Figure 3. For a fixed slope \(\lambda \ge 0\), the line \(z = \lambda y + \alpha\) is pushed up until its intercept \(\alpha\) is the smallest value for which the line still meets the region \(G\). That smallest intercept is \(q(\lambda)\).

Let’s solve this in two steps:

Step 1 (dual function). For fixed \(\lambda\),

\[\begin{equation*} q(\lambda) = \underset{x}{\text{min}}\; \mathcal{L}(x,\lambda) = \underset{y,z \in G}{\text{min}}\; (z - \lambda y). \end{equation*}\]

In words: what is the minimum possible value of the intercept \(\alpha\), while keeping at least one point \((y,z) \in G\)?

But why is \(q(\lambda)\) finite at all — why can’t we slide the line down forever and drive \(\alpha \to -\infty\)? Because \(G\) is not the whole plane; it is bounded below. For a fixed \(y\) (i.e. fixed \(x_1+x_2=y+2\)), \(z=f\) is smallest when \(x_1 = x_2 = \frac{y+2}{2}\), giving \(z = \frac{1}{5}(y+2)^2\) — the \(a=0\) slice drawn above is just one curve sitting above this envelope. Thus

\[\begin{equation*} G = \left\{ (y,z) : z \ge \tfrac{1}{5}(y+2)^2 \right\}, \end{equation*}\]

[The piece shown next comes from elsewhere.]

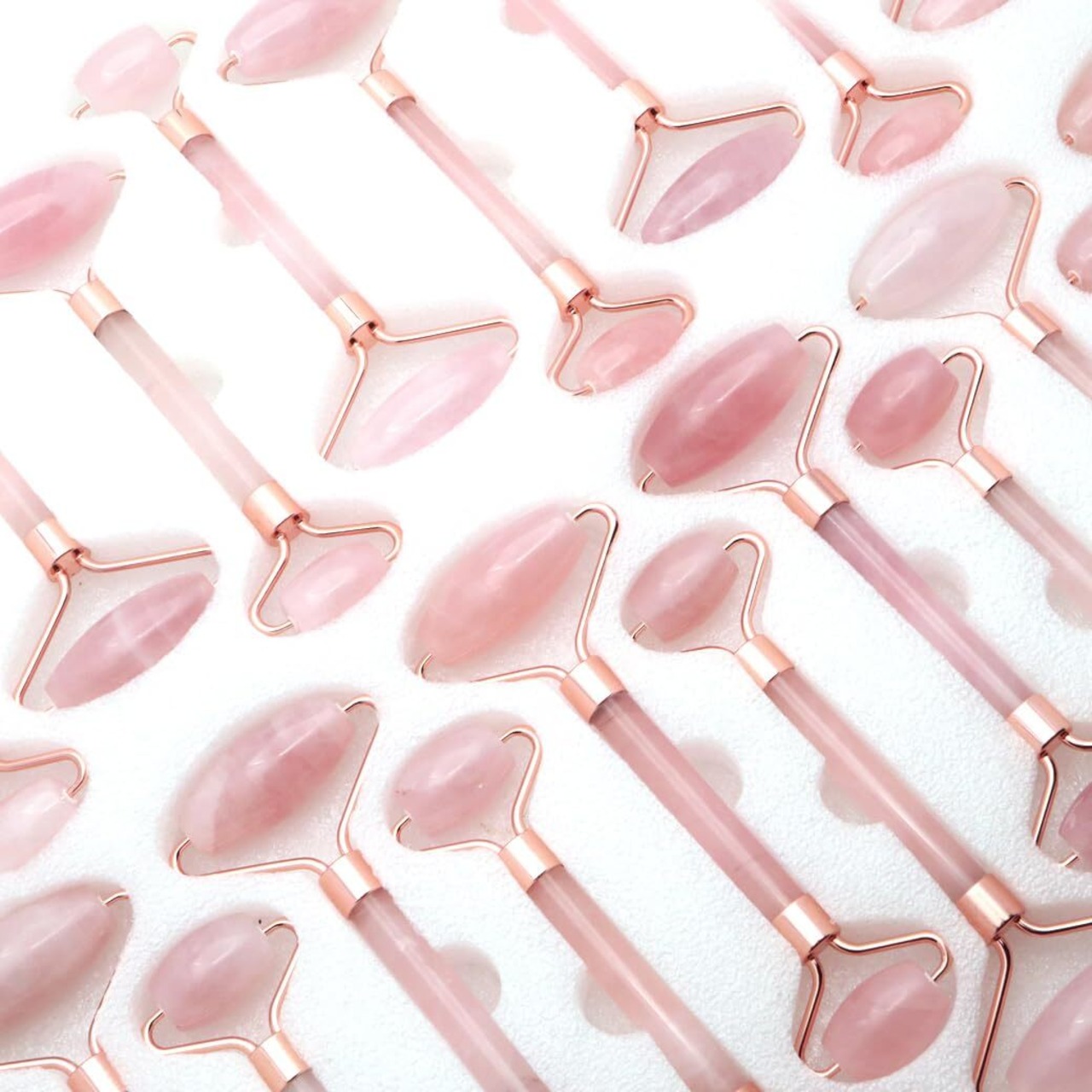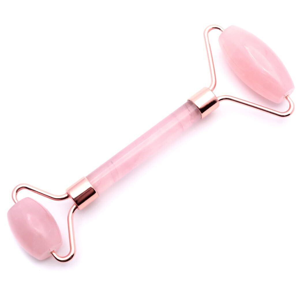 [GOLD STONE] ローズクォーツ フェイスローラー ダブルヘッド マッサージ 天然石 パワーストーン ひんやり ころころ

the region on and above this parabola; in particular \(z \ge 0\), touching \(z=0\) only at the vertex \((-2,0)\). A slope-\(\lambda\) line slid downwards therefore jams against this parabolic floor — push it past the point of tangency and the whole line drops below \(G\), meeting nothing. So the smallest reachable intercept is finite, and that value is exactly \(q(\lambda)\). (The weaker fact \(z\ge 0\) alone would not pin it down: a tilted line could run off along \(z=0\) as \(y\to\infty\); it is the parabola’s quadratic growth outpacing \(\lambda y\) that supplies the floor.)

Step 2 (dual optimum). Finally,

\[\begin{equation*} \underset{\lambda \ge 0}{\text{max}}\; q(\lambda) = \underset{\lambda \ge 0}{\text{max}}\; (z^* - \lambda y^*), \end{equation*}\]

while maintaining the definition of \(q\) (which needs legitimate feasible \((y,z)\) points). That is, we maximize the intercept by varying \(\lambda\).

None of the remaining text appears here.